【論文紹介】低強度のスタティックストレッチングはリカバリーを促進しうる

低強度のスタティックストレッチングはリカバリーを促進しうる

The effects of different passive static stretching intensities on recovery from unaccustomed eccentric exercise – a randomized controlled trial.

Apostolopoulos NC, Lahart IM, Plyley MJ, Taunton J, Nevill AM, Koutedakis Y, Wyon M, Metsios GS
Appl Physiol Nutr Metab. 2018 Aug;43(8):806-815. doi: 10.1139/apnm-2017-0841. Epub 2018 Mar 12.

この論文の報告を受けて、スタティックストレッチングのリカバリーに関する個人的な考え方を少し変更しました。論文の内容に興味のない方は後半の部分だけでも、ぜひご覧ください。

研究背景

先行研究においては、運動前後にスタティックストレッチングを行っても、筋肉痛の予防には役立たないことが報告されている(1)。しかし、それらの研究はスタティックストレッチングの伸張強度については規定されておらず、強度の影響については明らかではない。

目的

低強度スタティックストレッチングと高強度スタティックストレッチングのリカバリー効果を比較することを目的として、筋肉痛の痛みの推移、エキセントリックとアイソメトリックのピークトルク、血中クレアチンキナーゼ、C反応性蛋白を測定した。

方法

被験者

レクリエーションレベルのトレーニング経験のある男性(年齢25±6歳) 30名

実験スケジュール

ストレッチを実施する2群は、自宅で就寝前にスタティックストレッチングを行った。

スケジュール

 

スタティックストレッチング

3種類のスタティックストレッチングを行った。

  • ストレッチの種類:ハムストリングス・腸腰筋・大腿四頭筋

強度については以下のように設定した。

  • 低強度:Numerical Rating Scaleで3~4程度
  • 高強度:Numerical Rating Scaleで7~8程度

NRS

 

伸張時間は各部位につき60秒×3セットとし、すべてを完了するまでに約18分間かかる内容であった。

結果

凡例

アイソメトリックピークトルク


エキセントリック


痛みの推移

考察

この研究はスタティックストレッチングの伸張強度がリカバリー効果に与える影響を調査した初めての研究である。今回の結果によれば、低強度のスタティックストレッチングは、高強度やコントロール群よりも、筋痛を軽減させ、エキセントリックピークトルクを改善させる可能性が示唆された。
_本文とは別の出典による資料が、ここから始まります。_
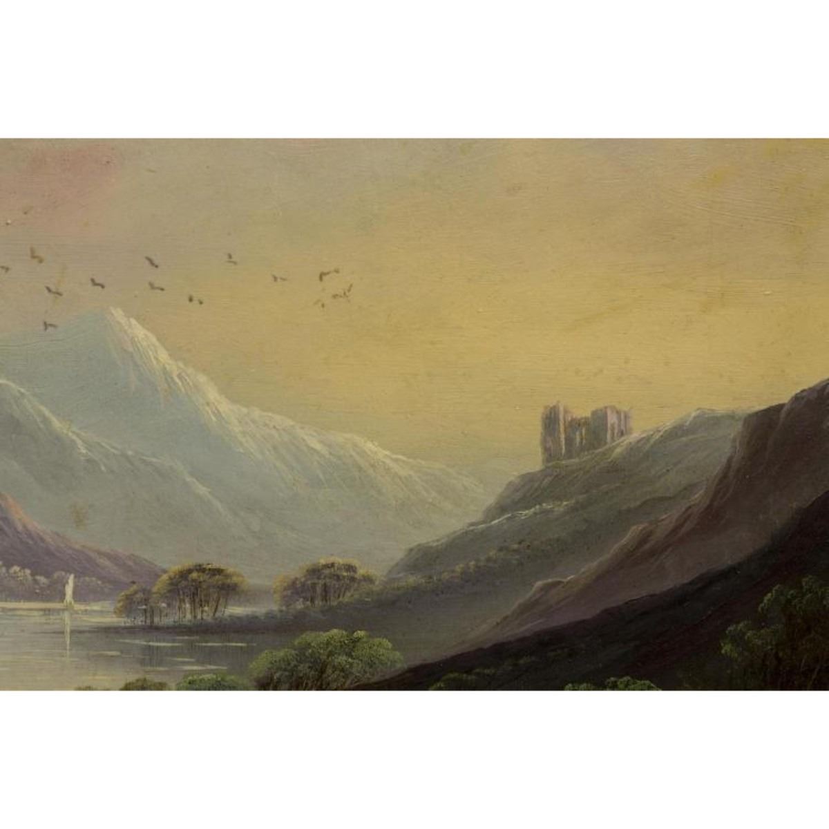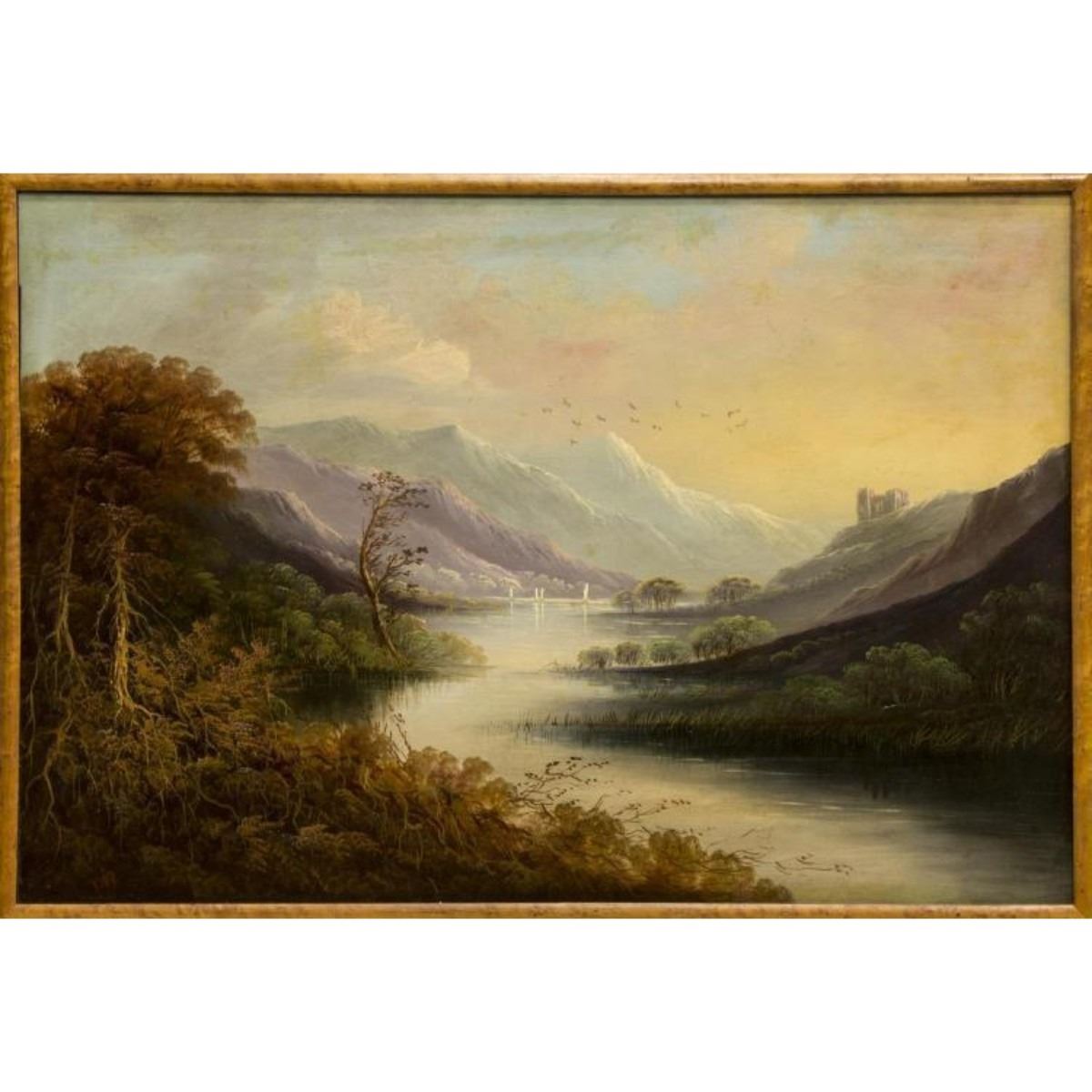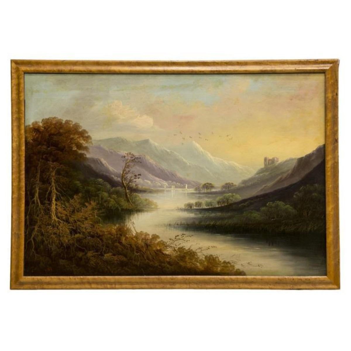 Description: Framed oil on board painting, Mountain Landscape, in the manner of Thomas William Fripp (British Columbia, Canada, 1864-1931), signed lower left T.W, sight: 21.25"h, 31"w, overall: 24.25"h, 34"w, 6.75lbs - 9226-021718-IN-219

また、スタティックストレッチングの伸張強度の違いが、結果に違いをもたらすことが示されたことになる。

結論

高強度スタティックストレッチングとコントロール群と比較して、低強度スタティックストレッチングは筋肉痛や筋パフォーマンスの回復促進に、小~中程度の効果が期待できる。

このように、スタティックストレッチで筋肉痛を和らげることは、一般の方が定期的に運動を続けることに貢献するかもしれない。

個人的感想

これまでの研究に対して、疑問を投げかける報告でした。

統計学的に有意な変化があったものはエキセントリックのピークトルクに限られますが、筋痛やアイソメトリックのピークトルクに関しても低強度のスタティックストレッチングが有用である“傾向”は出ているので、この結果は一考の価値がありそうです。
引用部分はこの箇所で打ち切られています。